Studio album by Faithless
- Released: 15 April 1996
- Recorded: 1995
- Studio: Swanyard Studios (London)
- Genres: Progressive house; trip hop; downtempo;
- Length: 52:50
- Labels: Cheeky; BMG;
- Producer: Rollo

Faithless chronology
|  | Reverence (1996) | Sunday 8PM (1998) |

Singles from Reverence
- "Salva Mea" Released: 24 July 1995; "Insomnia" Released: 27 November 1995; "Don't Leave" Released: 11 March 1996; "If Lovin' You is Wrong" Released: 8 July 1996; "Reverence" Released: 14 April 1997;

= Reverence (Faithless album) =

1996 album by Faithless

Reverence is the debut album by English electronic music group Faithless, released in April 1996 and then reissued in October. The album contains several singles that have subsequently become Faithless classics, such as "Don't Leave", "Salva Mea", and "Insomnia". The album reached number 26 on the UK Albums Chart.

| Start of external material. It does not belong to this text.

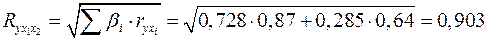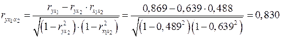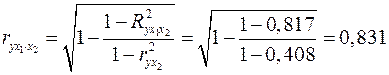 Тогда коэффициент множественной корреляции по формуле (2.16):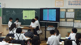高学年から低学年への読み聞かせがあり、高学年は1週間はど練習した成果を低学年に披露しました。

In November 1996, the album was re-released as Reverence / Irreverence containing an extra CD with remixes of the original songs.

Professional ratings
Review scores
| Source | Rating |
| AllMusic | Star |
| Artistdirect | Star |
| Music Week | Star |
| Muzik | Star |
| Q | Star |

==Track listing==
All songs written by Rollo Armstrong, Sister Bliss and Maxi Jazz, except where noted.

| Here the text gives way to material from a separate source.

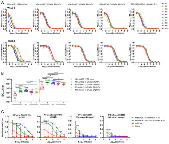 We assessed the M2e binding antibody response in mouse serum using the sequence-matched M2e trimer and determined EC50 titers by ELISA (Figure 3A,B and Supplementary Figure S2). For example, the M2exA3B3-5GS-foldon trimer was used as a coating antigen for the M2exA3B3-5GS-1TD0 trimer and M2exA3B3 I3-01v9a SApNP groups, and the M2e(AB)x3-5GS-foldon trimer was used to analyze the M2e(AB)x3 I3-01v9a SApNP group. M2exA3B3 presented on the I3-01v9a SApNP elicited superior binding antibody responses in immunized mice at both weeks 2 and 5, showing 11.3- and 10.1-fold higher EC50 titers, respectively, compared to the corresponding 1TD0 trimer (p < 0.0001). Although the coating antigens were different, the EC50 titers of the four I3-01v9a SApNP groups against the sequence-matched M2e trimer probes showed significantly higher values than the M2exA3B3 1TD0 trimer group at all time points. Among the four SApNPs, the M2exA3B3 I3-01v9a SApNP yielded the highest EC50 titer at week 5.

| No. | Title | Writer(s) | Length |
|---|---|---|---|
| 1. | "Reverence" |  | 7:43 |
| 2. | "Don't Leave" | Armstrong, Bliss, Jamie Catto | 4:02 |
| 3. | "Salva Mea" |  | 10:47 |
| 4. | "If Lovin' You is Wrong" |  | 4:17 |
| 5. | "Angeline" | Armstrong, Bliss, Catto | 3:37 |
| 6. | "Insomnia" |  | 8:47 |
| 7. | "Dirty Ol' Man" |  | 3:05 |
| 8. | "Flowerstand Man" | Armstrong, Dido Armstrong | 3:22 |
| 9. | "Baseball Cap" |  | 2:56 |
| 10. | "Drifting Away" | Armstrong, Bliss | 4:09 |

==Reverence / Irreverence==

Reverence / Irreverence is a re-release of Reverence album, featuring a bonus CD with remixes.

Irreverence
| No. | Title | Length |
|---|---|---|
| 1. | "Flowerstand Man (Matt Benbrook Remix)" (featuring Dido) | 3:58 |
| 2. | "Angeline (The Innocents Mix)" | 1:47 |
| 3. | "Reverence (DJ Tamsin Re-fix)" | 5:18 |
| 4. | "Soundcheck Jam" | 3:00 |
| 5. | "Salva Mea (Way Out West Remix)" | 7:46 |
| 6. | "Don't Leave (Floating Remix by Rollo & Sister Bliss)" (featuring Pauline Taylor) | 5:53 |
| 7. | "Drifting Away (Paradiso Mix by Angelo D'Caruso)" (featuring Penny Shaw) | 6:46 |
| 8. | "Insomnia (Moody Mix by Rollo & Sister Bliss)" | 10:40 |
| 9. | "Baseball Dub (Cheeky All Stars Remix by Goetz, Matt Benbrook, Rollo & Sister Bliss)" | 2:40 |

==Charts==

| Chart (1996–1997) | Peak position |
|---|---|
| Australian Albums (ARIA) | 51 |
| Austrian Albums (Ö3 Austria) | 26 |
| Belgian Albums (Ultratop Flanders) | 47 |
| Belgian Albums (Ultratop Wallonia) | 37 |
| Dutch Albums (Album Top 100) | 45 |
| Finnish Albums (Suomen virallinen lista) | 13 |
| German Albums (Offizielle Top 100) | 17 |
| Hungarian Albums (MAHASZ) | 13 |
| New Zealand Albums (RMNZ) | 17 |
| Norwegian Albums (VG-lista) | 7 |
| Swiss Albums (Schweizer Hitparade) | 18 |
| UK Albums (Official Charts) | 26 |

==Certifications==

| Region | Certification | Certified units/sales |
| Germany (BVMI) | Gold | 250,000^{^} |
| Netherlands (NVPI) | Gold | 50,000^{^} |
| Norway (IFPI Norway) | Gold | 25,000^{*} |
| Switzerland (IFPI Switzerland) | Gold | 25,000^{^} |
| United Kingdom (BPI) | Platinum | 300,000^{*} |
^{*} Sales figures based on certification alone. ^{^} Shipments figures based on certification alone.